Reading this, you might be inclined to conclude that studying ancient scriptures forms an integral part of Ahba’s teachings—but you would be wrong. Although the Pali suttas and Abhidhamma are a good and trustworthy source when it comes to the dharma, reading them with the desire to gain insight might not work out the way you hope. From the very beginning, Ahba has always placed the entire emphasis of his teachings on the practice of meditation above all else, specifically on the development of concentration, or samadhi.

Looking at the suttas, one will see the Buddha teaching the same thing. Have you ever read a sutta in which the Buddha gave a disciple the advice to go sit under a tree and study? I haven’t. On the contrary, the Buddha repeatedly and ardently tells his disciples to go meditate:

“These are the feet of trees, bhikkhus, these are empty huts. Meditate, bhikkhus, do not be negligent, lest you regret it later. This is my instruction to you.” (Saṁyutta Nikāya 35:145)
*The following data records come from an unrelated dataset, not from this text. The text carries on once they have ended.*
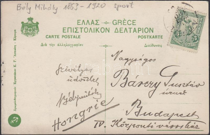 Description: Bély Mihály(1863-1920) vívó, testnevelési szakfelügyelő, az Országos Testnevelési Tanács előadó tanácsosának üdvözlő sorai és aláírása az 1906-os athéni olimpiáról hazaküldött képeslapon, rajta a stadion képével Bárczi Gusztáv(1890-1964)orvosnak címezve
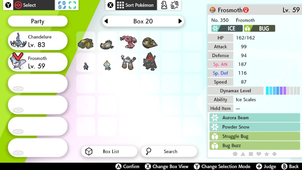 My Frosmoth is leveled up, trained with the correct effort values to maximize its best attributes, has a beneficial nature for its base stats, and has the moves I wanted it to learn so it can be a fierce opponent in battle. Now that Frosmoth is ready for battle, I can train up a few more Pokémon as well to make my team an unstoppable force.
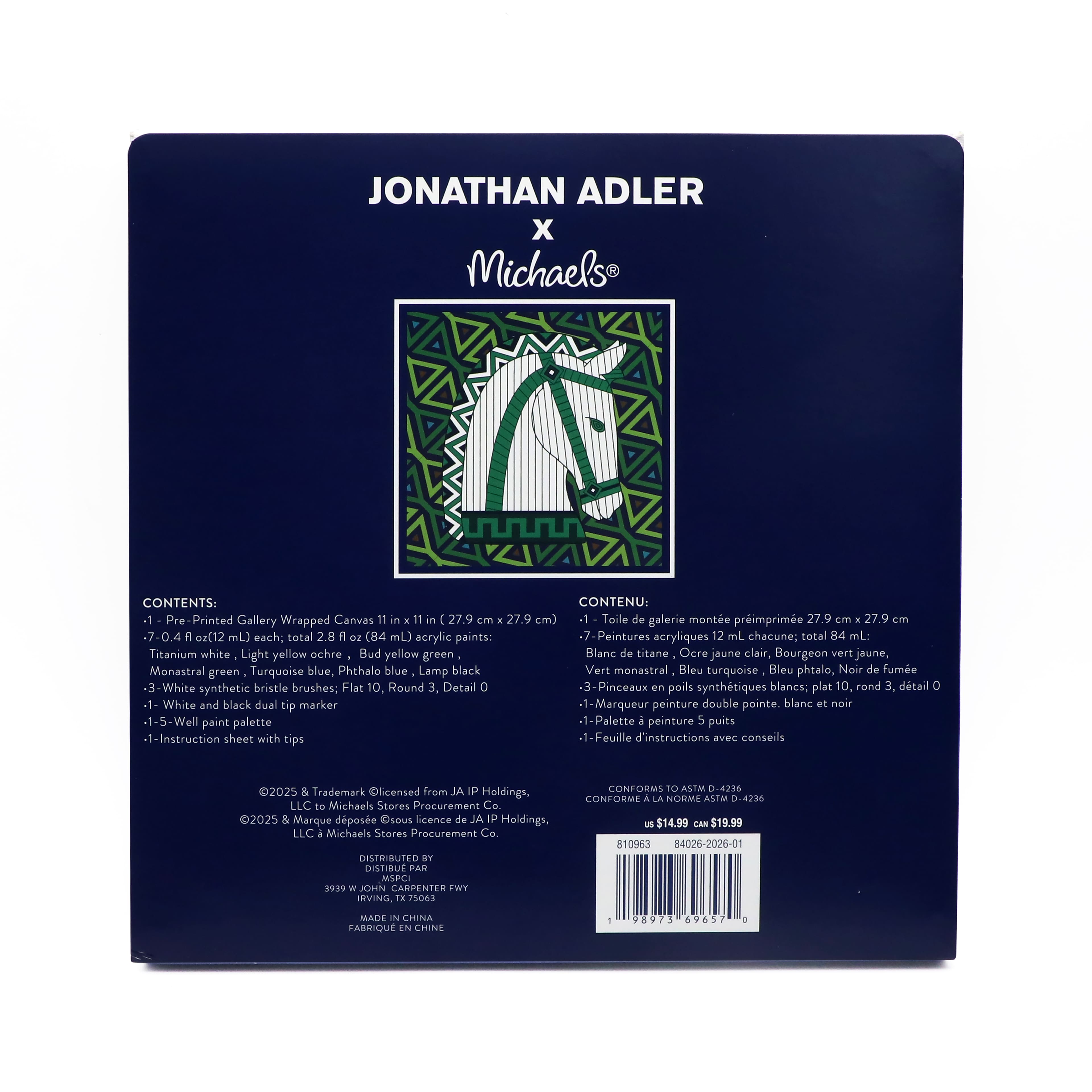 Jonathan Adler x Michaels 11" x 11" Luxembourg Horse Canvas Painting Kit
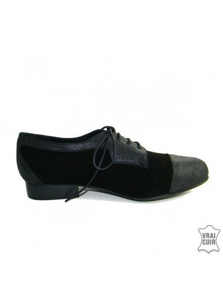 Eleganti e pratici, questi derby neri hanno un aspetto di pelle invecchiata perlata associata alla pelle scamosciata.
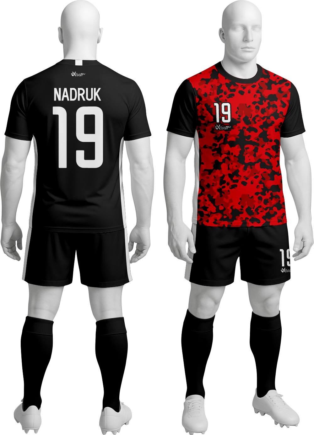 Nasze komplety możesz dowolnie personalizować i nie wpłynie to na końcową cenę, możesz dodać logo drużyny, sponsora ,dodatkowy nadruk. Jeżeli żaden z przedstawionych przez nas wzorów dostępnych na stronie nie spełnia twoich oczekiwań możemy zaprojektować coś specjalnie dla Ciebie wystarczy że wyślesz do nas maila .Przedstawiona niżej personalizacja jest tylko przykładowa nadruki i loga mogą być w dowolnym miejscu na stroju.

Of course, the Buddha gave discourses on more than just meditation, but contrary to our picking up a book or sutta of our own choosing, the Buddha was able to see exactly what his audience needed and adapt his teaching accordingly. So when the Buddha taught the dharma, it was always just right and always with the invitation to see for ourselves (often said as “ehipassiko,” which literally means “come and see for yourself”). And as one might infer, seeing for yourself does not mean reading, it means developing concentration:

“For a person whose mind is concentrated, it is not necessary to think ‘May I know and see things as they really are.’ It is the nature of things that a person whose mind is concentrated knows and sees things as they really are.” (Aṅguttara Nikāya 11:2)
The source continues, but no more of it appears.